Utilization of resources – new level

All technological systems function and evolve due to the utilization of certain resources – materials, energy fields, information, space, etc. Evolution starts with the engagement of highly visible, easily accessible and readily available resources; when these “obvious” resources become exhausted in the process of evolution, less visible/accessible resources are utilized. This process is associated with the transition from the use of readily available resources to the use of derived, changeable, “smart,” etc. resources that are revealed or created through human knowledge, intelligence and innovation activities.

Today, such resources often consist of the physical and chemical properties of materials, the application of various physical fields and effects, special geometric forms, inventive approaches, etc.

Evolution of technological processes

The following is a summary of the evolutionary patterns related to technological processes:

  • General improvement of the design culture due to:

–     Higher competition between designers

–     Better informational services; conversion of many highly effective intuitive skills into knowledge available for everybody

–     Utilization of computer aided technologies (CAD/CAM, ProEngineer, etc.)

–     Utilization of improved design methods (DFMA, Concurrent Engineering, FMEA, etc.)

–     Implementation of new, highly-effective problem solving technologies (TRIZ)

–     Implementation of methods for directing the evolution of technology (DE™)

  • General improvement in the area of manufacturing:

–     Higher competition between producers

–     Utilization of computerized production systems

–     Utilization of improved organizational methods (TQM, Value Engineering, etc.)

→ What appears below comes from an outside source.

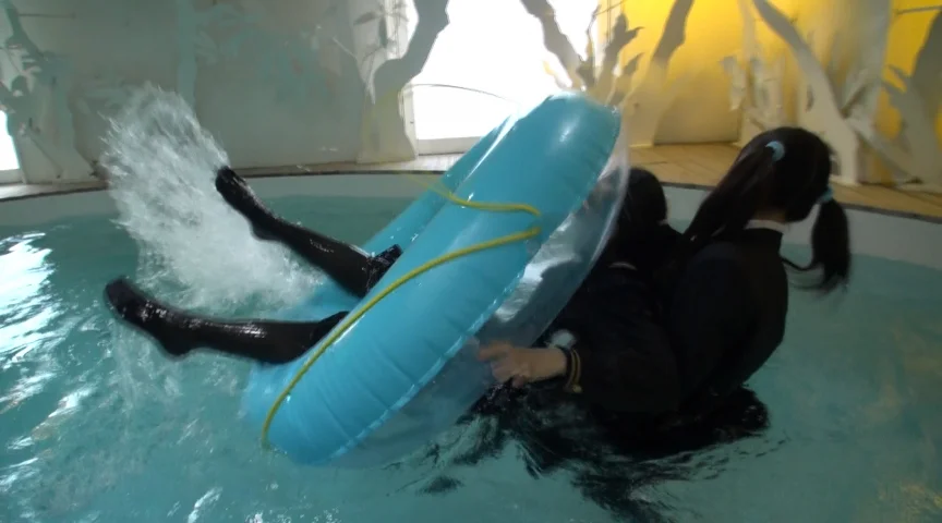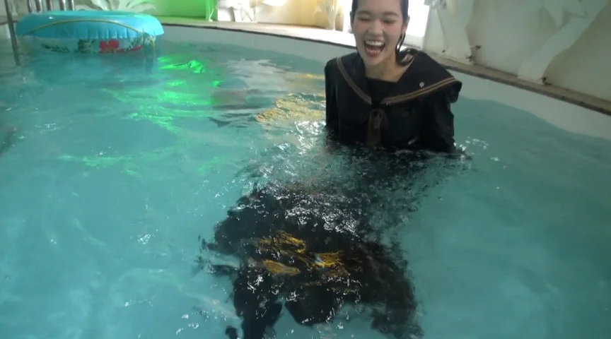 新しくモデルチェンジした制服「一度お姉ちゃんに着せてみて」せっかく着た妹の新しい制服と自分の制服を入れ替える姉。その新しい制服を着たまま「乾かせば大丈夫」とプールに飛び込む姉。結局姉妹二人でびしょ濡れに…。

  • Development of new technologies and production methods that provide:

–     Flexibility

–     Accuracy at low cost

–     Possibility of exerting local influence on process elements

–     Synthesis and utilization of materials with required properties

–     Effective safety and environmental procedures

Structural crisis

As societies evolve, various trends emerge and interact to generate certain changes to human philosophy and psychology that are difficult to predict. When they emerge, these changes are usually very small and thus cannot be identified through regular focused marketing research. Some of these changes then ignite positive feedback (reinforcing loop) that quickly generates a “structural crisis” – significant restructuring in certain industries such as product design, composition, production, sales, marketing, servicing, etc.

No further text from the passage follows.